Presiden Amerika Serikat Donald Trump mengambil langkah signifikan untuk meningkatkan transparansi mengenai pembunuhan Presiden John F. Kennedy (JFK) dengan merilis lebih dari 80.000 dokumen terkait peristiwa tragis yang terjadi pada 22 November 1963 di Dallas, Texas. Langkah ini merupakan janji yang ditegaskan Trump dalam kampanye politiknya, untuk mengungkap informasi yang lebih dalam mengenai salah satu kasus pembunuhan paling terkenal dalam sejarah Amerika.

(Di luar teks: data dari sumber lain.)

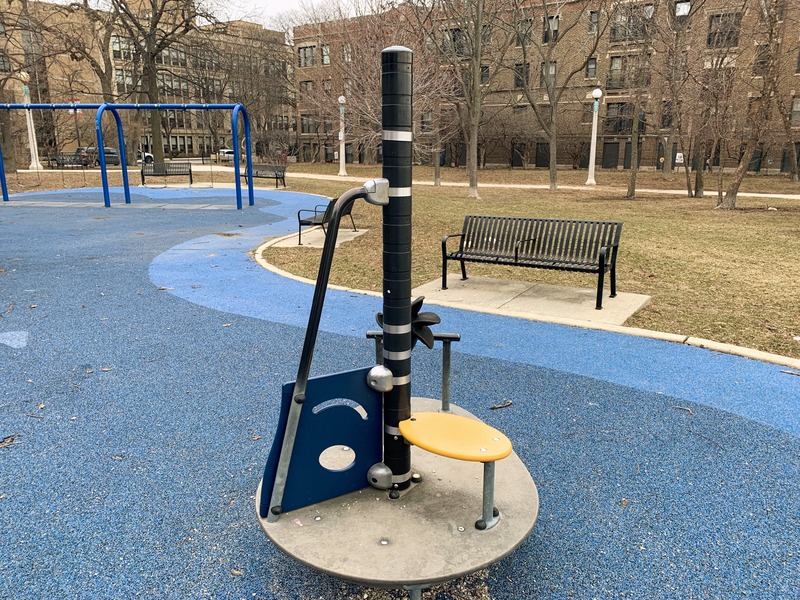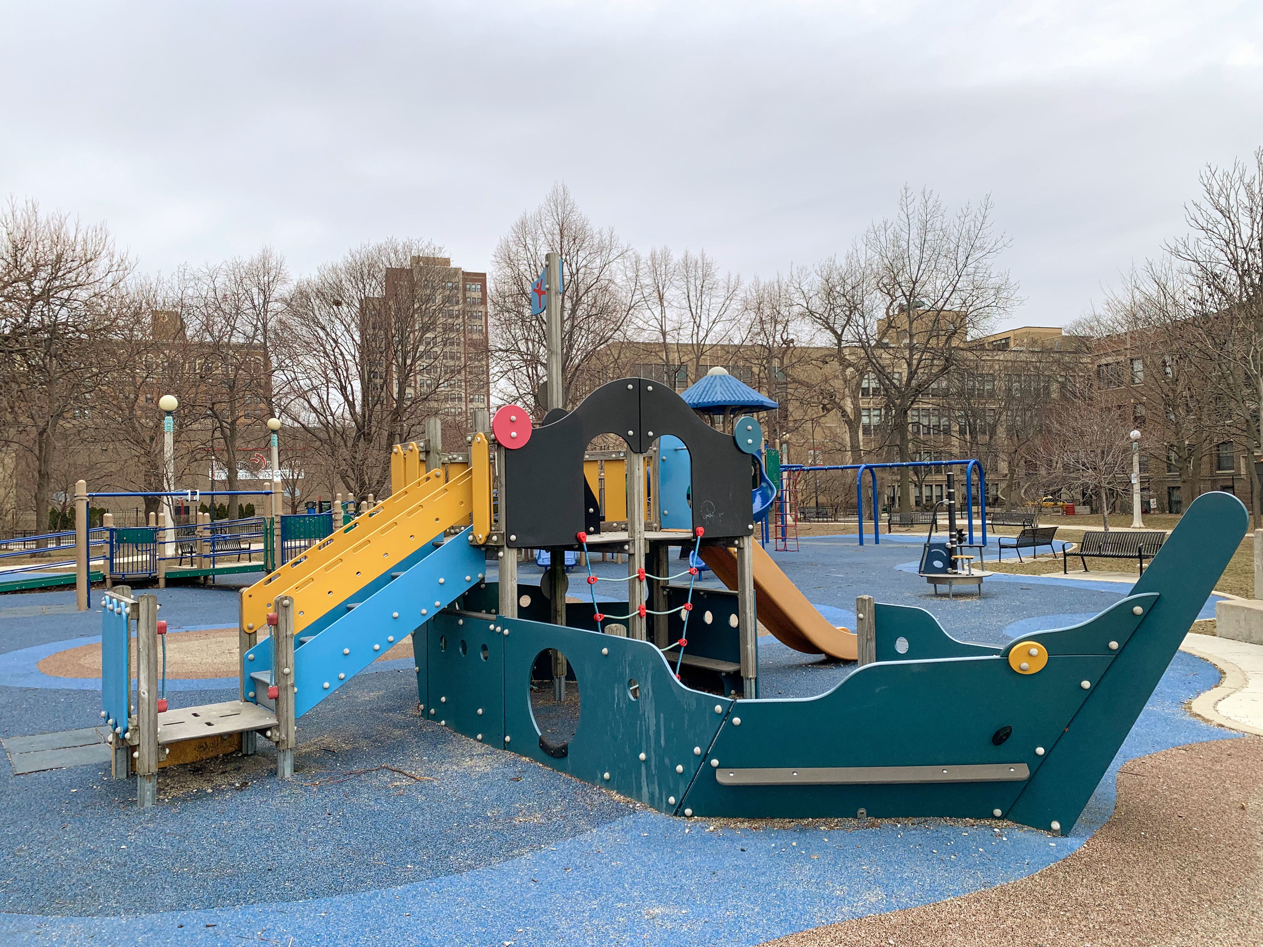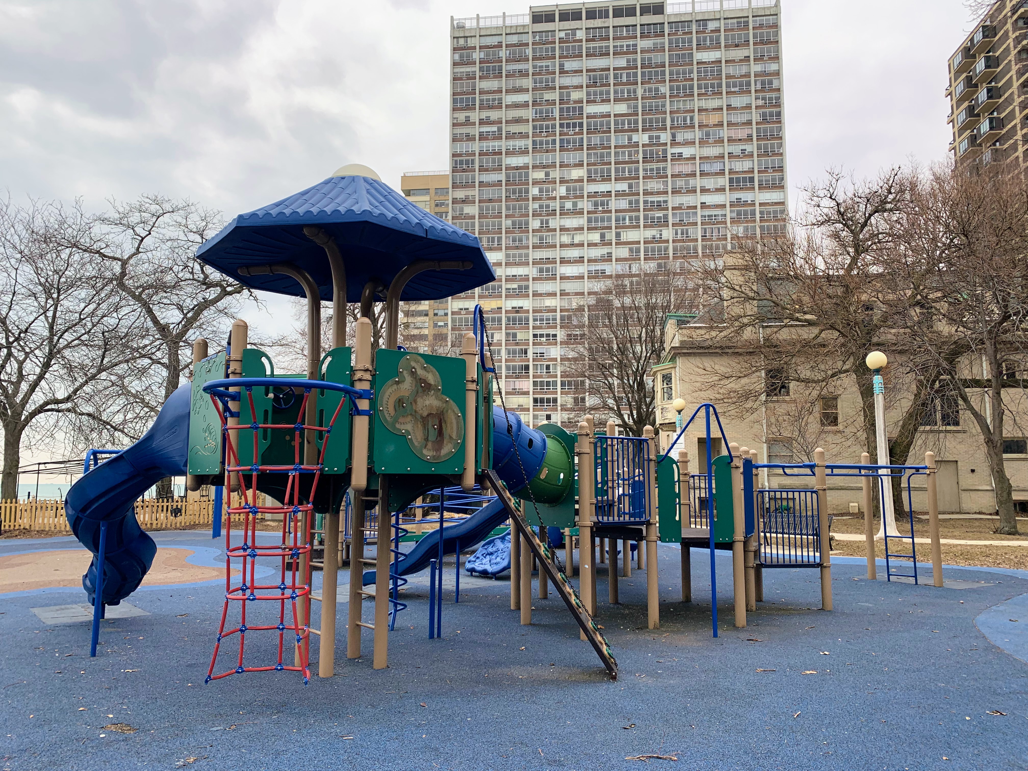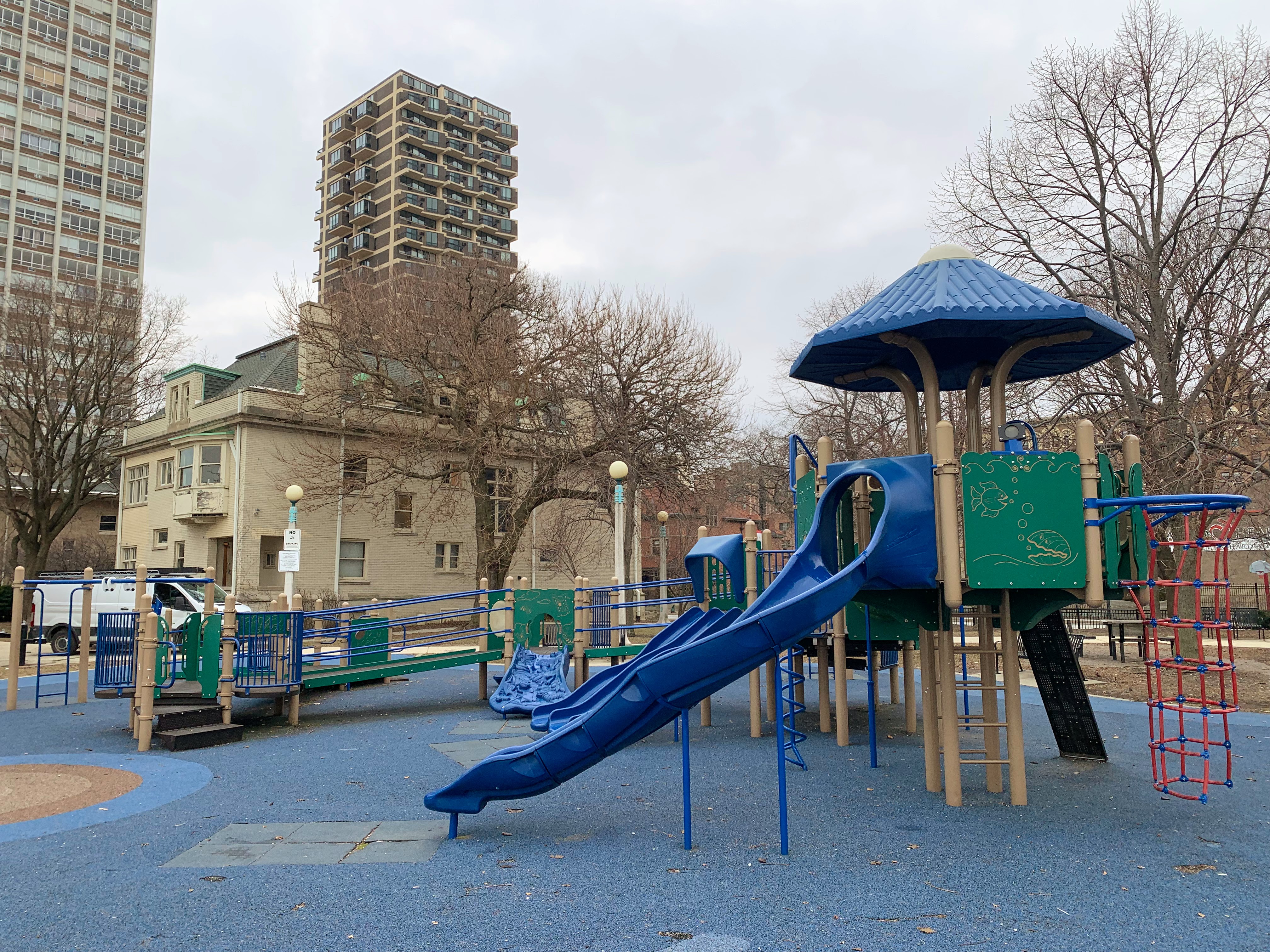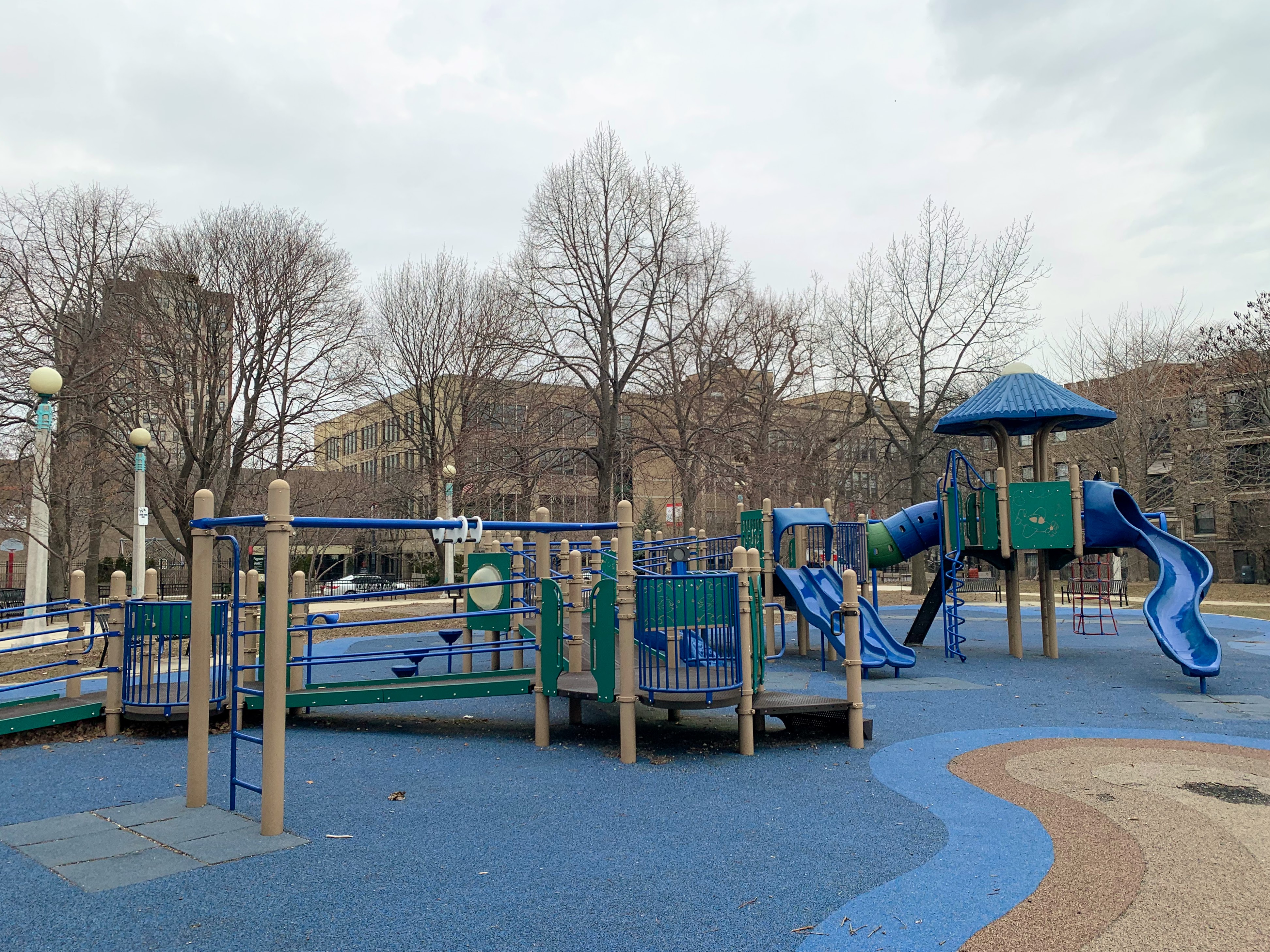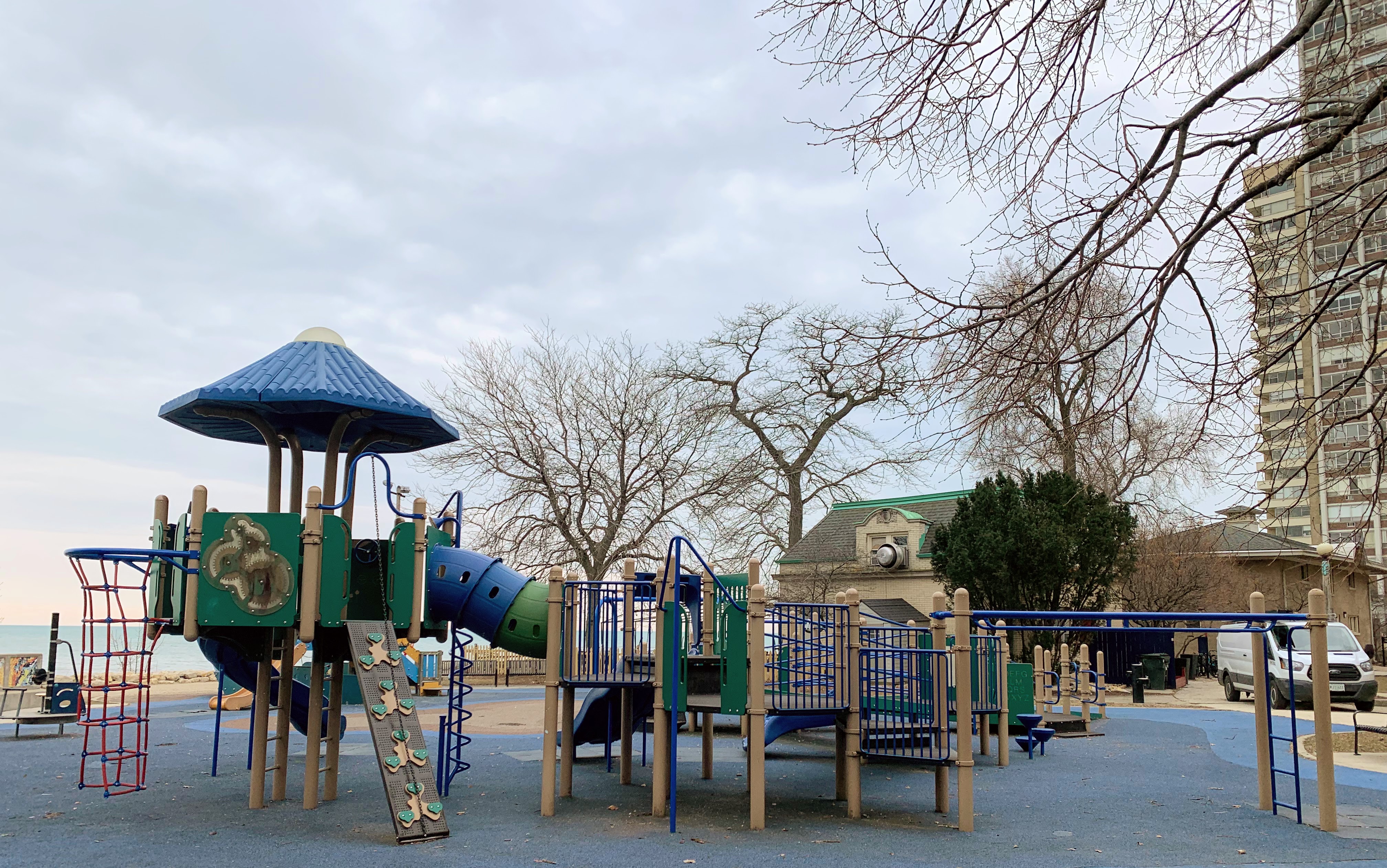 - Berger Park has a wonderful playground with views of Lake Michigan. There is dedicated area for smaller children close to the lake with a nautical theme and a larger structure for older children that is accessible via a ramp. This playground has a rubberized surface and the equipment seemed new and well maintained. There were plenty of benches and a few picnic tables. This is a great playground; highly recommend.

Dokumen-dokumen tersebut dipublikasikan di situs web Arsip Nasional AS pada Selasa malam, 18 Maret 2025. Sebelum dirilis, pengacara Departemen Kehakiman AS melakukan peninjauan menyeluruh, memastikan bahwa informasi yang disajikan aman untuk dibagikan kepada publik. Dalam kumpulan dokumen yang dirilis, terdapat memo-memo rahasia dan laporan-laporan penyelidikan yang memberikan gambaran tentang ketegangan internasional dan konteks politik yang melatarbelakangi pembunuhan JFK, terutama berdasarkan hubungan antara AS dan Uni Soviet pasca Krisis Rudal Kuba 1962 yang hampir membawa kedua negara pada perang nuklir.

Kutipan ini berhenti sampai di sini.